Hmi Pekanbaru - Ada banyak literatur yang membahas “pragmatisme”. Kata ini sendiri memiliki porsi dalam kajian-kajian filsafat barat. Salah satunya dalam buku philosophy of education mendefinisikannya sebagai berikut, “The pragmatist proceeds from the basic premise that the human capability of theorizing is integral to intelligent practice. Theory and practice are not separate spheres; rather, theories and distinctions are tools or maps for finding our way in the world”.
Artinya pragmatisme dalam kacamata filsafat menitikberatkan analisa pada tindakan manusia. Sebagai turunan dari materialisme dan empirisisme yang melihat kebenaran pada aspek material (nyata), pragmatisme memandang bahwa teori pada dasarnya adalah alat untuk memenuhi tujuan hidup manusia di dunia.
Memang pada dasarnya Manusia tidak dapat terlepas dengan kebutuhan material, akan tetapi yang dimaksud dalam kajian pragmatisme adalah nilai guna atau manfaat yang dapat dirasakan bagi kehidupan khalayak ramai / masyarakat bukan dirinya sendiri (individual). Tersirat bahwa pragmatisme yang sebenarnya mengarah pada kebermanfaatan pada semua komponen masyarakat.
Yang menjadi masalah adalah terjadinya Radikalisme Pragmatis Materialistis yaitu, kemutlakan berfikir pragmatis/manfaat secara kebendaan. Karena pada dasarnya Ideologi Pragmatisme merupakan paham yang bersifat Absolutisme artinnya, adanya upaya mengarah pada pemutlakan nilai guna dan manfaat.

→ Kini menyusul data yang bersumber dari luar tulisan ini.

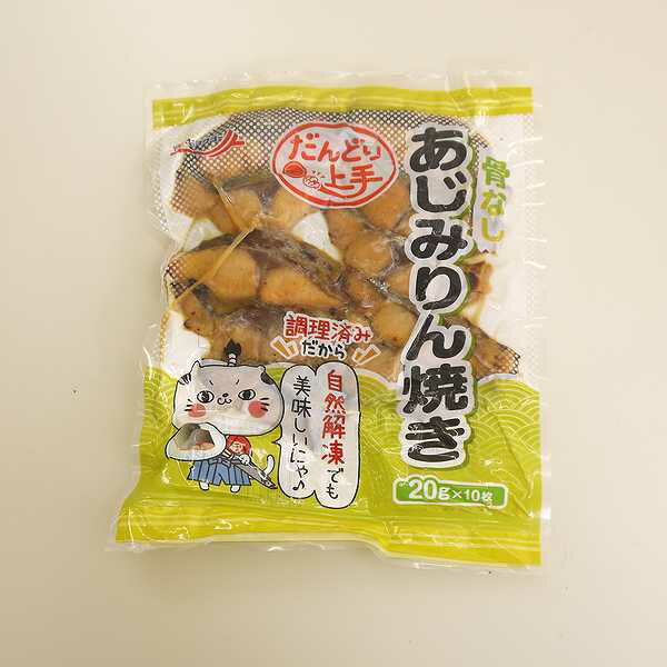 ■名称:あじのみりん焼き(骨なし) ■内容量:200g(10枚入り) ■原材料名:あじ、砂糖、みりん、しょうゆ、食塩、水あめ、でん粉、大豆油/調味料(アミノ酸等)、着色料(クチナシ、紅麹)、(一部に小麦・大豆を含む) ■保存方法:【要冷凍】-18℃以下で保存してください※ 解凍(開封)後はお早めにお召し上がり下さい。

Misalnya, mahasiswa tersebut tidak mau melakukan kegiatan ilmiah jika tidak memperoleh insentif uang yang benar-benar sesuai, mencukupi dan layak bagi dirinya. Bukan pada upaya pemerolehan nilai pengetahuan dan pemahaman yang kongkret dibutuhkan oleh pengembangan kemampuan. Walaupun di luar bidang ilmunya sekalipun.
Dalam hal ini, bukan tataran menolak kekreatifitasan dan inovasi. Akan tetapi lebih pada level menolak faktor Determinisme yang terdapat dalam paham Pragmatisme. Artinya menolak pada arah berfikir yang menyatakan bahwa satu-satunya faktor yang menentukan segala kehidupan adalah nilai guna dan manfaat. Apalagi jika ditambah dengan arah berfikir yang meterialistis.
Orientasi ilmiah dalam pendidikan pun mengalami perubahan paradigma menjadi orientasi Pragmatisme Materialistis yang pada akhirnya menghasilkan generasi-generasi yang korup. Wajar saja jika kasus korupsi tidak kehabisan stock untuk memproduksi dan memperkenalkan aktor-aktor baru. Karena Pendidikan yang menjdi agen pencetak generasi masa depan sudah kerap dengan budaya Pragmatisme Materialistis.
Ini sungguh sebuah kondisi yang sangat ironis, ada sebuah pembusukan makna ilmiah. Mahasiswa bukan lagi berfikir mencari ilmu untuk mengabdi kepada masyarakat. Akan tetapi berfikir pada level bagaimana mencari keuntungan sebanyak-banyaknya untuk dirinya dengan menggunakan kegiatan ilmiah sebagai saham.
Jika seperti ini jangan berharap mahasiswa yang dulunya dianggap sebagai agen pengawas dan pengawal Pemerintah dapat berfikir kritis terhadap kebijakan pemerintah. Ia pun mudah tersandra oleh insentif materialistis yang diberikan pemerintah sebagai upaya MENINA BOBO Kan. Ia pasti sibuk dengan kegiatan yang dapat memperoleh materi untuk dirinya dan dapat mengangkat citranya. Ia cenderung mau-mau saja menerima sesuatu, yang penting untung buat dirinya.
Asas Praduga pun hilang, bahkan berubah mejadi rutinitas. Paradigma tersebut harus segera dirubah sebelum menjadi budaya yang mengakar, seharusnya mahasiswa dapat menjadikan bidang ilmu yang digelutnya sebagai wujud pengabdian pada bangsa dan tidak boleh lengah dengan kondisi-kondisi yang tidak sebagaimana mestinya.